L’idée initiale du volet création de mon projet d’intégration était d’écriture une nouvelle ayant, comme thème principal, le changement. Je désirais raconter l’histoire d’un homme qui se réveille, du jour au lendemain, d’un long coma d’une cinquantaine d’années. Ce dernier, causé par un accident qui allait être le point culminant de la nouvelle, ferait en sorte que le vieil homme redécouvrirait peu à peu la vie et tenterait de réapprendre à parler et à marcher. Tout cela se passerait, en majeure partie, à travers des réflexions avec lui-même. J’ai toutefois inclus deux personnages dans le récit. Tout d’abord, le médecin est le côté réaliste, rationnel et il annonce à Paul, l’homme qui se réveille du coma, qu’il n’a plus personne au monde. Ensuite, la femme de ménage prend une place assez importante dans le récit. Cette dernière est jeune, mystérieuse, elle insuffle clairement à Paul un vieux souvenir. Elle est presque toujours présente quand l’homme se réveille. Mon projet de création, en opposition avec la plupart des nouvelles, n’a pas de fin surprenante. Le récit finit comme il a commencé; soudainement, sans explication. La raison du coma de Paul n’a de toute façon pas d’importance dans le récit. C’est plutôt une fraction de vie, une parcelle de temps vécue par un vieil homme seul.

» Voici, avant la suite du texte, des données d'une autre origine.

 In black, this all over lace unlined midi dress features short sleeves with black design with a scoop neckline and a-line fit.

Dans mon projet de création, je voulais aborder le thème du changement avec un angle un peu moins évident que dans le volet analyse. Lorsqu’on parle de changement, on parle presque invariablement d’adaptation. Ici, l’adaptation semble assez impossible. Paul, même s’il fait quelques progrès par rapport à sa paralysie, demeurera toujours incapable de contrôler complètement son corps. Son mutisme ne semble pas avoir plus de chance de se résorber vu les années qui se sont écoulées. Ainsi, l’adaptation n’est pas une option. Paul ne peut que se résigner à vivre les changements qui s’opposent à lui. Contrairement aux deux romans que j’ai analysés, où les personnages tentaient de s’organiser pour s’adapter aux changements, ma création présente un homme qui subit son sort.

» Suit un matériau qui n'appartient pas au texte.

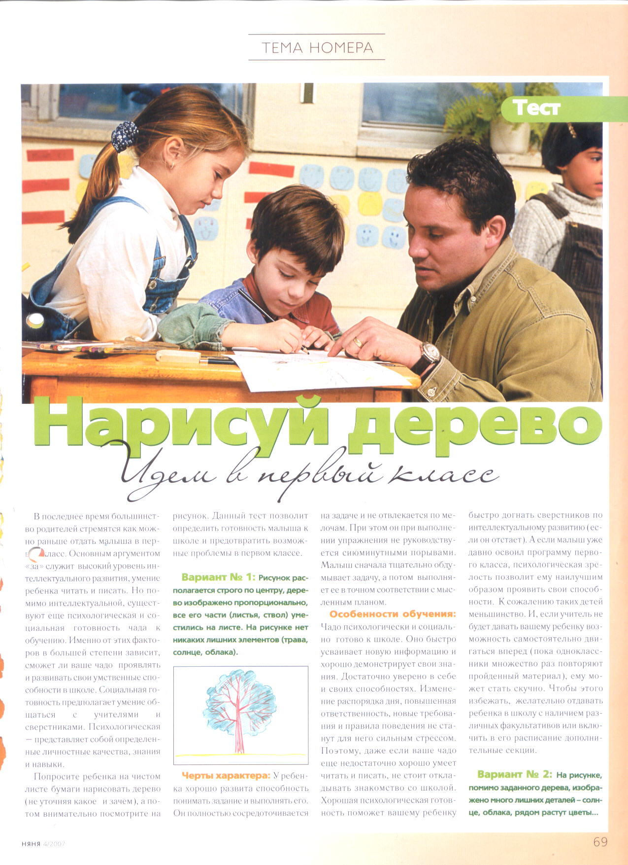 Нарисуй дерево Данный тест позволит определить готовность малыша к школе))) Журнал "Няня" №4 2007

J’ai choisi de faire mon volet création sous forme de nouvelle, car je voulais écrire une histoire courte avec un début, un milieu et une fin. Je voulais également axer mon projet sur un personnage en particulier, et non pas sur un groupe d’individus. De plus, la nouvelle offre une grande possibilité de style. Je ne voulais pas faire beaucoup de dialogues, mais inclure souvent des pensées intérieures. En mettant les pensées en italique, il est facile de les distinguer de la narration et cela ajoute une touche de naturel. Ces paroles s’incrustent un peu partout dans le récit, comme le font nos pensées au quotidien. De plus, je ne voulais pas que la nouvelle soit lourde et négative. Je voulais une histoire qui se lit bien et qui fait un  peu réfléchir. J’ai misé sur les phrases courtes, les mots seuls, sans élaborer sur les sentiments et les émotions. Le récit est un peu de surface, comme si on n’y était pas vraiment et c’est exactement comme cela que se sent Paul. Il est toutefois difficile de ne pas se sentir interpelé par la misère du vieil homme. En n’élaborant pas sur les sentiments et en laissant deviner la solitude de Paul, je crois qu’on se sent d’autant plus proche de ce dernier. Ainsi, c’est surtout la simplicité qui est touchante dans le récit.
Comme je l’écrivais plus haut, ma création est très différente des deux œuvres que j’ai analysées. Le sujet y est traité en sens inverse et, voyant la multitude de changements auxquels la société est confrontée, il demeure d’actualité. La solitude dont sont victimes énormément de gens est également très présente de nos jours.  Les villes se remplissent de plus en plus, il y a des milliards de gens dans le monde, mais de mois en moins d’écoute entre ces derniers. Les jeunes autant que les vieillards se retrouvent désemparés devant une telle absence de compassion, d’écoute. C’est sans doute la caractéristique première de notre société; la solitude. Les gens sont aveugles, sourds, ils ignorent leur prochain.